§ **The data**:
......

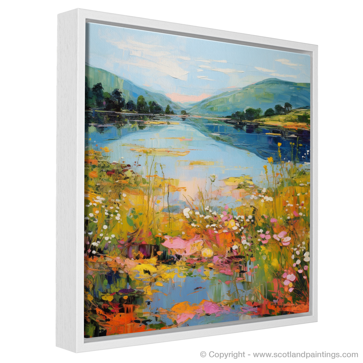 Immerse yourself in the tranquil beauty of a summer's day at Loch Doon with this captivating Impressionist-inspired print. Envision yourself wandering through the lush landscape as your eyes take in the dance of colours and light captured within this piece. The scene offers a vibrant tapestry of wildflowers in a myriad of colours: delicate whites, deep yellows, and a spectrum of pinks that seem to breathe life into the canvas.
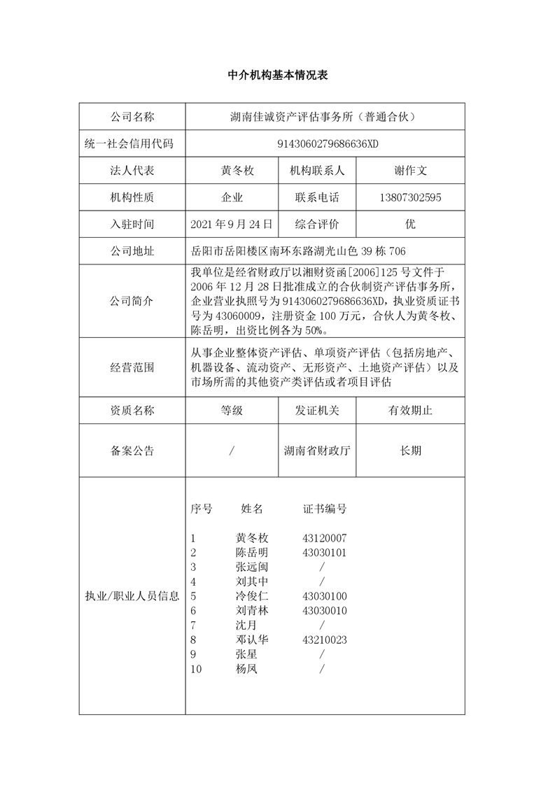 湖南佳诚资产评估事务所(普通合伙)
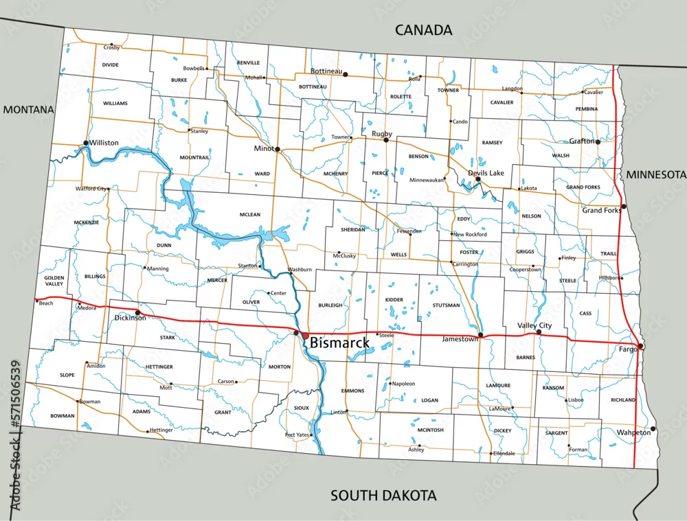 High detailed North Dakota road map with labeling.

......

Would you return all of the data above word for word, omitting every picture?

 Immerse yourself in the tranquil beauty of a summer's day at Loch Doon with this captivating Impressionist-inspired print. Envision yourself wandering through the lush landscape as your eyes take in the dance of colours and light captured within this piece. The scene offers a vibrant tapestry of wildflowers in a myriad of colours: delicate whites, deep yellows, and a spectrum of pinks that seem to breathe life into the canvas.
 湖南佳诚资产评估事务所(普通合伙)
 High detailed North Dakota road map with labeling.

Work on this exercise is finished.